The city of Vijayanagara was the urban core of the imperial city and the surrounding principalities of the capital of the Vijayanagara Empire during the 14th to 16th centuries. Notes by foreign travellers such as Abdur Razzak, the Persian who visited Vijayanagara in 1440, mention seven fortifications before the gates to the royal palace. The large area between the first and third fortifications contained agricultural fields, gardens and residences. The notes of Robert Sewell describe countless shops and bazaars (markets) filled with people from different nationalities between this fortification and the palace.
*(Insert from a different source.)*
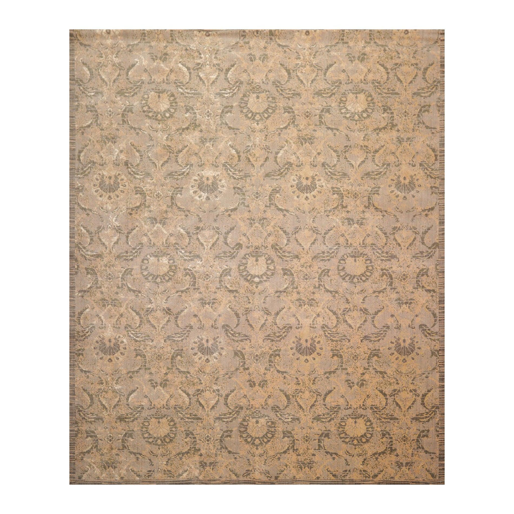 This is a beautiful Gray, Beige, Tan Color Machine Made, Oriental Wool and Bamboo Rug.
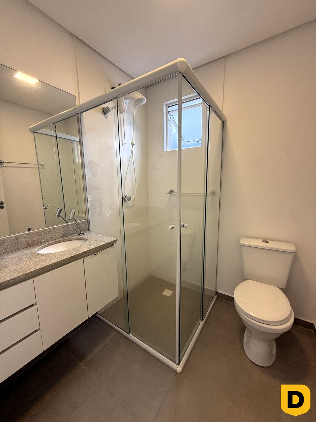* Banheiro com bancada, espelho e box em vidro, alem de ventilacao natural

== In medieval literature ==
The capital city of the Vijayanagara Empire was founded on the banks of the Tungabhadra River by Harihara I and Bukka Raya I in the early 14th century. The capital city grew with extraordinary rapidity in the early decades of Sangama rule and became one of the biggest cities in the world of the 15th and 16th centuries. The capital city had splendid layout with forts, palaces, gardens and temples in it. The construction of major irrigation works during the 15th century under Emperor Deva Raya and under Emperor Krishna Deva Raya in the early 16th century was one of the main reasons why the city flourished and expanded. Several foreign travelers visited the city in the 15th and 16th century and were impressed by the magnificence of the city.
The Persian traveler Abdur Razzak who visited the capital city in the 15th century described the city with the following words:" The city of Vijayanagar is such that the pupil of the eye has never seen a place like it, and the ear of intelligence has never been informed that there existed anything to equal it in the world" The Portuguese traveler Domingo
Paes says of the city: " This is the best provided city in the world." Domingo Paes was overwhelmed by the city and stated:" The people in the city are countless in number, so much so that I do not wish to write it down for fear it should be thought fabulous. What I saw seemed as large as Rome and very beautiful to the sight; there are many groves of trees within it, many orchards and gardens of fruit trees and many conduits of water which flow in the midst of it, and in places there are lakes." The Italian traveler Nicolo Conti who visited the city in 1420 CE, estimated the circumference of the city to be sixty miles and was impressed by the strength of its fortifications.

== Excavations ==
Recent excavations have unearthed archaeological artifacts dating from the 3rd century BC to early in the 2nd millennium, documenting evidence from over seven hundred important sites. These sites include ash mounds, ancient settlements, megalithic cemeteries, temples and rock art. These findings show that the Vijayanagar area was densely settled for a long period before the creation of the empire.

=== Land ===
Starting at its outermost fortifications, the principality of Vijayanagar spans from Anegondi in the north to Hosapete in the south and covers a total area of 650 km². Vijayanagara's core, an area of 25 km², includes the Tungabhadra River flowing through rocky terrain with huge boulders piled in massive formations. In addition to this naturally daunting landscape, builders constructed fortifications surrounding the regal city in several layers. The rocky hillocks made excellent sentinel points for watch towers and granite boulders provided the raw material for temple construction. South of the river the rocky landscape disappears, replaced by flat cultivable land where large and small temples complexes were built. The largest human populations were located to the south of the irrigated lands that were watered by a system of clever ducts and anecut (dams) channelling water to the capital from the river. At its peak, Vijayanagara may have had up to a million residents.

=== Zoning ===
For the sake of simplicity archaeologists have divided the capital area into many zones. Of these, the major two zones are the Sacred Centre and the Royal Centre. The former, generally spread along the south bank, is characterized by the highest concentration of religious structures. The Royal Centre is notable for its stately structures, both civil and military. The very seat of power of the empire was located at the core of this area.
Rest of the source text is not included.